About a week had passed since the private conversation to which we last listened. The Jesuit during this time had not left the prisoner to himself. He was seen to enter Messenius' room every day, under the pretext of medical attendance, and spent some hours with him. He was too acute to rely upon the prisoner's promise. No one in the castle knew what they did together, and the Governor was unsuspicious. The remote situation of Kajajneborg, far from the rest of the world, had lulled Wernstedt into security; he rather found pleasure in the society of the learned and experienced foreign doctor.

There was one, however, who with a constant and vigilant eye followed every motion of the stranger, and this was Lucia Grothusen, Messenius' wife. A Catholic by education and conviction, she had always strengthened her husband in his faith; the Jesuit well knew this, and therefore felt sure of her co-operation, although he carefully avoided confiding his plans to the mercy of female gossip. But the most artful plans are often frustrated by those hidden springs and motives in the human heart, especially in a woman's heart, which work in quite a different direction from that of cold reason. The Jesuit, in spite of his astuteness, was mistaken in our Lucia. He did not know that when the fanaticism in her mind shouted, push on! love cried still louder in her heart, hold back! and love in women always gets the upper hand.

Lucia was a very penetrating person; she had looked through the Jesuit before he knew it. She saw the ruinous inward strife which raged in Messenius; a struggle for life and death between fanaticism on the one hand, which bade him sacrifice fame and posterity for the victory of the Church, and ambition on the other, which continually pleaded to him not to sacrifice with his own hand his whole life's work? "Will you," it said, "blindly desecrate the sanctuary of history? Will you expose to contempt the brilliant name, which in the night of captivity still constitutes your wealth and pride?"

Lucia saw all this with the discernment of love; she saw that the man for whom she lived an entire life of self-denial and restraint, would sink under this terrible internal battle, and she resolved to save him with a bold and decisive stroke.

Late one evening the lamp still burned on Messenius' writing-table, where he and the Jesuit had been working together ever since the morning. Lucia had received permission to retire to her bed, which stood at the other end of the room near the door, and pretended to be asleep. The two men had finished their work, and were conversing together with low voices, in Latin, which Lucia well understood.
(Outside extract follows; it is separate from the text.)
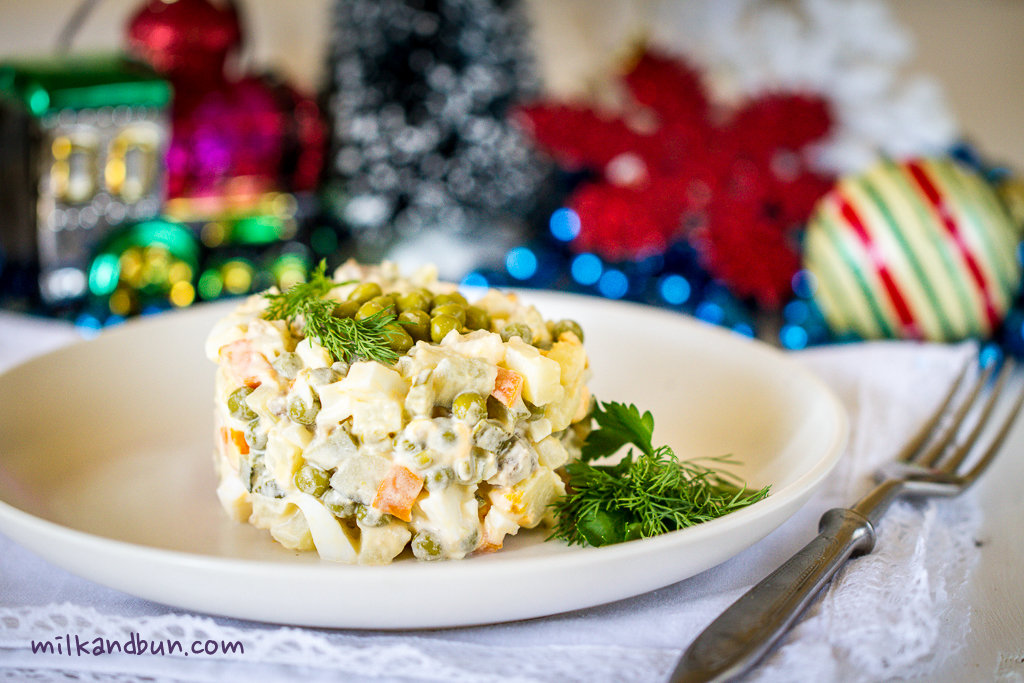 This salad is a traditional dish in Russian cuisine, and most of the time it is associated with New Year celebration, when it’s always served on a festive table along with another popular salad – “shuba”.

"I am satisfied with you, my friend," said the Jesuit approvingly. "These documents, which bear the stamp of truth, will be sufficient to prove the conversion of King Gustaf Vasa and King Carl, and this preface, signed by you, will further confirm their veracity. I will now return to Germany through Sweden, and have these prayers printed, through our adherents in Stockholm, or if that is impossible, in Lübeck or Leyden."

Messenius involuntarily stretched out his hand, as if to snatch back a precious treasure from a robber's hands.

"Holy father," he exclaimed with visible consternation, "is there no reprieve? My name ... my reputation ... have mercy upon me, holy father, and give me back my name!"

The Jesuit smiled.

"Do I not give you a name," he said, "far greater and more abiding than the one you lose—a name in the chronicles of our holy order; a name among the martyrs and benefactors of the Church; a name which may one day be counted amongst the saints?"